Supervision of trade conditions was one of the many duties of the Justices. The markets had to be supplied with wholesome meat, but even this could not be sold during Lent, on fast days, or on Sundays. It seems doubtful whether the laws on this subject were entirely due to religious influences, or whether they had been introduced by persuasion of fishmongers, who were an extremely powerful body and supported the seafaring trade. By encouraging the consumption of fish the inhabitants of coastal towns would be induced to become sailors, and thus increase the number of potential recruits for the rapidly growing Navy.
Five Smithfield butchers were charged with selling meat on the Sabbath and with killing unwholesome meat (p. 3), and twelve butchers of Osulstone hundred were outlawed for killing and selling flesh meat during Lent (p. 179). Thomas Gibbes of Marylebone was bound over for selling "mesell (fn. 2) pork" in the market "being unwholesome meat" (p. 84). An inhabitant of Fulwood's Rents was ordered to remove his slaughterhouse, as it caused a nuisance (p. 144).
The Justices tried to convict William Redman, described as a gentleman of Ratcliffe, of selling divers gallons of milk by a certain false quart measure "to the deceipt of his Matie subjects and contrarye to his bargaynes", but they failed, because the indictment was found to be insufficient in law (p. 302).
George Heath, a baker of Westminster, and Dorothy Tymon of Kensington, were fined for selling seven loaves of white bread each 2 oz. short in weight, ten loaves of wheaten bread also 2 oz. short, and three loaves of household bread each 1 oz. short (p. 93).

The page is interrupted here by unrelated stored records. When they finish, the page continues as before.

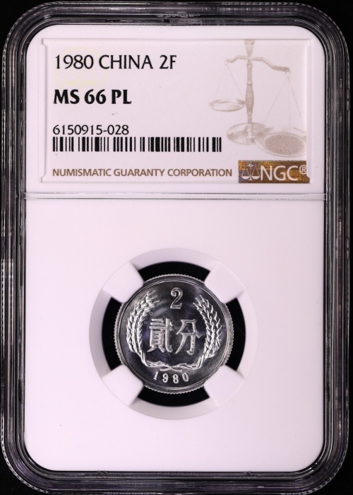 第200094号:1980年2分 NGC MS66PL,五大天王分币之一。估价:1000--2000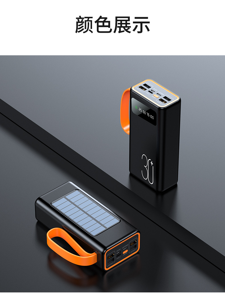 国境を越えた現物販売 ソーラー充電式50000mAh大容量モバイルバッテリー ポータブル内蔵ケーブル付き屋外用モバイル電源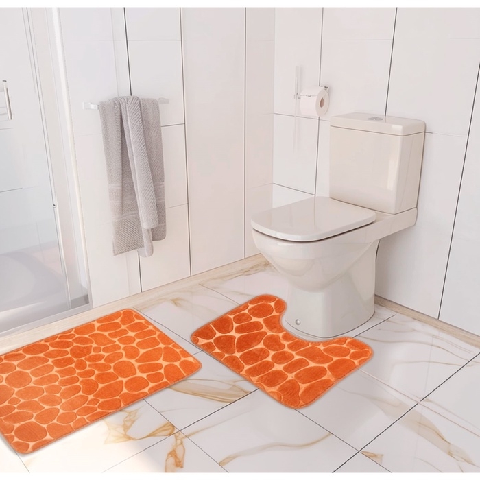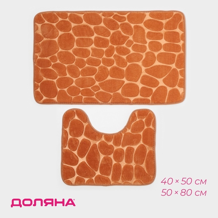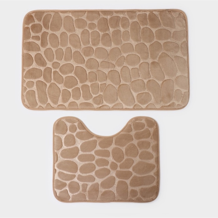 Коврики для ванной и туалета Доляна «Камни», 2 шт, 40×50, 50×80 см, цвет бежевый

Many victuallers and brewers were brought up for selling "strong drink and ale of extraordinary strength" at prices above those which were declared by the Justices (e.g., p. 113). William Huddle of Willesden, who had twice had his licence as a victualler removed, "by undirect means procured a licence from Sir Francis Bacon and Sir Edward Moseley"; however, with their consent the licence was cancelled (p. 170). Sir Francis Bacon was, of course, the well-known essayist, subsequently created Viscount St. Albans.
Henry Medcalfe of Old Street lost his licence for victualling by playing and allowing others to play at bowls on the Sabbath (p. 30).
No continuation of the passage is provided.